Speaker 1:So I spoke to over 5,000 children in 2024. I went to, I think, 27 different schools and if I ask those kids, what do you want to be when you grow up? Nobody says addicted, in jail, homeless, injecting substances. They've got better plans and yet we all know people who are in jail, in and out of prison, injecting drugs, addicted. Something happened right and that's this book's suggestion. It's by Bruce Perry and Oprah Winfrey. Yes, that, oprah, and it's the title of the book is what Happened to you and that's what I encourage healthcare providers to do when they're struggling with a patient's behavior. What happened to you? Because that really asks the question what traumatic experiences did you have in your life that led you to, at 35 years old, being incarcerated, using meth and hallucinating in the emergency department? That wasn't part of the plan when you were in third grade department. That wasn't part of the plan when you were in third grade.
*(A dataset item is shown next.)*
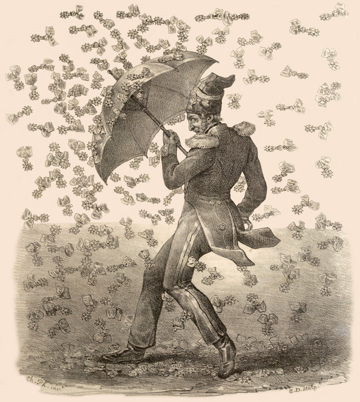 Il peut être très plaisant de se représenter les tortures d'un pauvre diable, averti depuis deux mois par une « indiscrétion des bureaux », qu'il va être bombardé chevalier pour le Jour de l'An ; qui, sous le sceau du secret, a confié la bonne nouvelle à quelques milliers de parents, d'amis et connaissances ; a déjà décoré toute sa garde-robe, gilets de flanelle compris ; a fait devant la glace une douzaine de répétitions générales et qui, finalement, n'aura eu pour ses étrennes qu'une veste et le mépris de son concierge.

Speaker 1:So I'm going to make a point here to really just drive home the profound effect of trauma and the relationship with trauma and addiction, and realize I'm exaggerating. To make a point, I am very aware that patients have drug and alcohol cravings. But when I talk to my patients, usually what they feel is something that they don't like and they want to feel better and the drug or the alcohol makes that bad feeling temporarily go away. We all know it doesn't fix it and I think deep down our patients don't, but they just don't know what else to do. So my patients don't crave drugs and alcohol, they crave feeling better, particularly when they're traumatized and can't sleep because they get flashbacks and nightmares all night. Why do they drink? To black out? Because they can't deal with the trauma.
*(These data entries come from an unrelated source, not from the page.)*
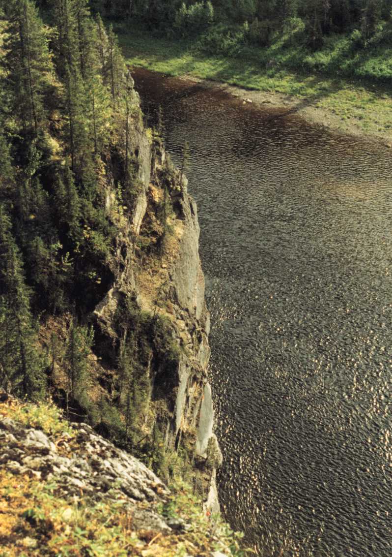 Высота левобережной скалы над рекой H = 55.27м +- 0.05м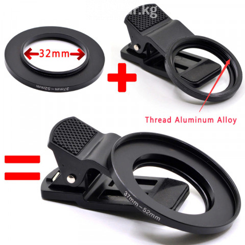 Зажим для объектива камеры телефона 37 мм-52 мм Внутреннее отверстие 32 мм, которое подходит для большинства мобильных телефонов и планшетов на рынке Материал: АБС + алюминийРезьба из алюминиевого сплава для обеспечения лучшего срока службы Размер интерфейса: m37мм * P0.75 Это переходное кольцо 37 мм-52 мм, в него можно добавить Фильтры для камеры 52 мм Или 37 мм фильтр для камеры напрямую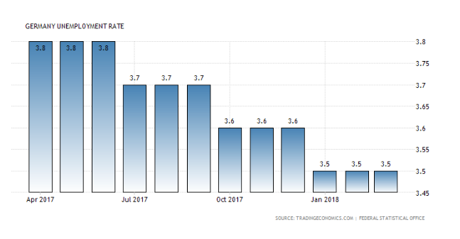 Germany’s Trade Surplus is a Boon for the country’s economy: Germany’s seasonally adjusted harmonised unemployment rate fell to 3.4 percent in March 2018. It was the lowest unemployment rate since July, 1980 because the number of unemployed Germans has been consistently going down as they have been gaining employment.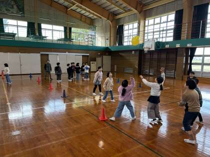 2つの班ごとに分かれて、風船を落とさないように協力して活動していました。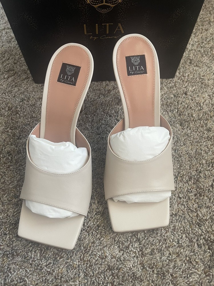 Lita by Ciara Solid Square Toe Leather Slide Size 42 Size 11 In US Color Cream Please review all pictures as this is the item you will receive. Please message me with any questions. Thank you SSA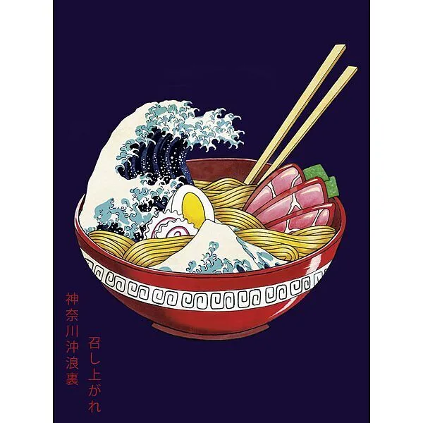 Papier 250 gr. matt Ein wundervoller Kunstdruck für Asia-Fans mit einer Prise Ironie. In einer traditionellen Schüssel befindet sich das leckere Gericht Ramen mit der bekannten Great Wave von Künstler Hokusai. Ein Mini Poster im Hochformat, das Appetit und Lau...

Speaker 1:I'll give you an example. One of my patients is a great young guy and I was chatting with him about two weeks ago and he was telling me he's got about a year sober from alcohol and we were talking about when he did drink and he said that he was the type of drinker that would just black out. And I never really asked him about his alcohol use, because he came to me about two or three months sober and I said why were you trying to black out? And he said I don't really know. And so the little light bulb went off in my head I wonder if there's some trauma. And so I asked him did you have any traumas as a kid? And he said yeah, yeah. And so we started talking about it and he got sexually assaulted in middle school by a bunch of older boys in his neighborhood. One day after school he couldn't actually finish the story. So I went through the PTSD criteria and he met all of them and I apologized to him. Him I said I'm so sorry I didn't ask about trauma sooner, because we need to address your trauma to really help you heal from your alcohol addiction. So what do we do once we diagnose someone with PTSD? Well, we need to give them trauma-focused psychotherapy so they can work on actually processing the trauma, and I'll talk about that in some detail.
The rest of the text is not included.